Fred, the boot sequence is not perfect yet. Turned out the network interfaces do not come up in the right order and nginx failed because of a missing /var/run/nginx. The container would not restart because - missing above - it could not check the certificates.

A week later

[SMM] APIC 0x00 S00:C00:T00 > ASSERT [AmdPlatformRasRsSmm] u:\EDK2\MdePkg\Library\BasePciSegmentLibPci\PciSegmentLib.c(766): ((Address) & (0xfffffffff0000000ULL | (3))) == 0                !!!! X64 Exception Type - 03(#BP - Breakpoint)  CPU Apic ID - 00000000 !!!!
RIP  - 0000000076DA4343, CS  - 0000000000000038, RFLAGS - 0000000000000002
RAX  - 0000000000000010, RCX - 00000000770D5B58, RDX - 00000000000002F8
RBX  - 0000000000000000, RSP - 0000000077773278, RBP - 0000000000000000
RSI  - 0000000000000087, RDI - 00000000777733E0                                              R8   - 00000000777731F8, R9  - 0000000000000000, R10 - 0000000000000000
R11  - 00000000000000A0, R12 - 0000000000000000, R13 - 0000000000000000
R14  - FFFFFFFFA0C1A118, R15 - 000000000005B000
DS   - 0000000000000020, ES  - 0000000000000020, FS  - 0000000000000020
GS   - 0000000000000020, SS  - 0000000000000020
CR0  - 0000000080010033, CR2 - 0000000015502000, CR3 - 0000000077749000
CR4  - 0000000000001668, CR8 - 0000000000000001
DR0  - 0000000000000000, DR1 - 0000000000000000, DR2 - 0000000000000000                      DR3  - 0000000000000000, DR6 - 00000000FFFF0FF0, DR7 - 0000000000000400
GDTR - 000000007773C000 000000000000004F, LDTR - 0000000000000000                            IDTR - 0000000077761000 00000000000001FF,   TR - 0000000000000040
FXSAVE_STATE - 0000000077772ED0
!!!! Find image based on IP(0x76DA4343) u:\Build_Genoa\DellBrazosPkg\DEBUG_MYTOOLS\X64\DellPkgs\DellChipsetPkgs\AmdGenoaModulePkg\Override\AmdCpmPkg\Features\PlatformRas\Rs\Smm\AmdPlatformRasRsSmm\DEBUG\AmdPlatformRasRsSmm.pdb (ImageBase=0000000076D3E000, EntryPoint=0000000076D3E6C0) !!!!

New error in system log:

Record:      341                                                                             Date/Time:   06/04/2025 19:47:08
Source:      system
Severity:    Critical                                                                        Description: A high-severity issue has occurred at the Power-On Self-Test (POST) phase which has resulted in the system BIOS to abruptly stop functioning.
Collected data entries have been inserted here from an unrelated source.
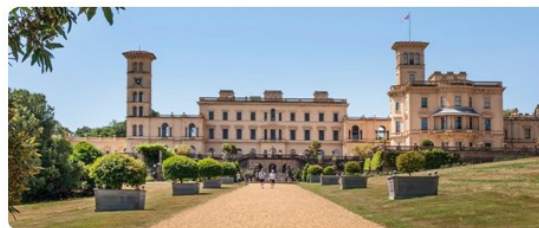
Osborne House is on the Isle of Wight, England. This was Queen Victoria's favourite holiday home.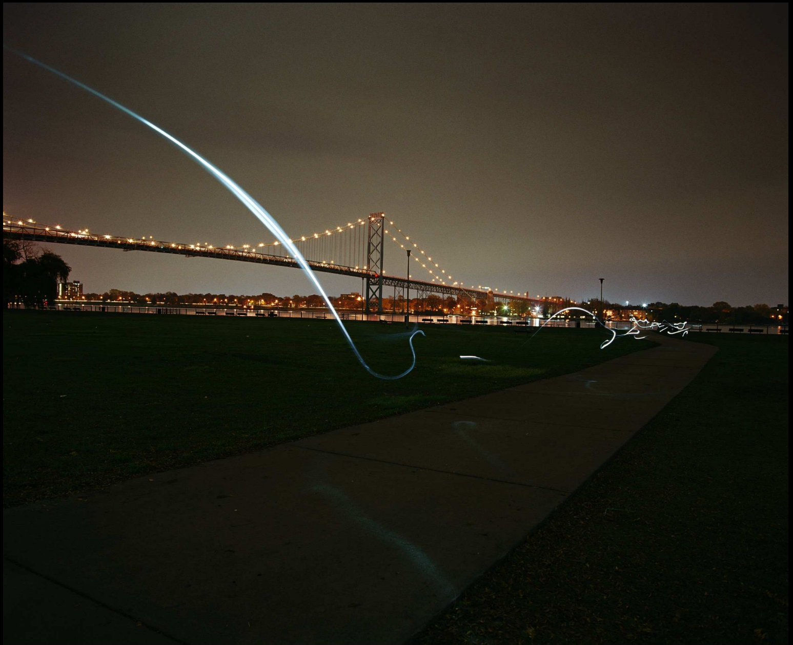
Dark Skate Detroit / Bridge to Canada, 2010 c-print 48 x 56 inches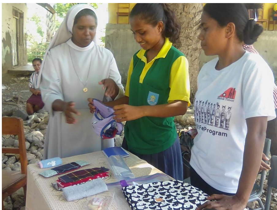
'Days for Girls' menstruation kits were distributed to students during health and hygiene training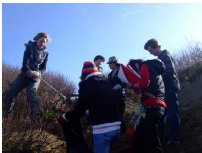
New Volunteering: Just V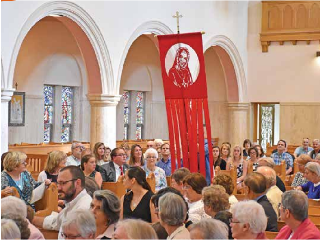
Procession for the Feast of the Sacred Heart at Villa Duchesne and Oak Hill School chapel introduced the new banner of St. Rose Philippine Duchesne to open the Bicentennial activities for the USC province.

Saint Rose Philippine Duchesne 1818-2018 200 Years CROSSING FRONTIERS

The error appears to relate to AMD Brazos which is probably part of the on board APU/GPU.

The code where it segfaulted is online at:

https://github.com/tianocore/edk2/blame/master/MdePkg/Library/BasePciSegmentLibPci/PciSegmentLib.c

and has to do with PCI registers and that can actually be caused by the new PCIe card we hosted.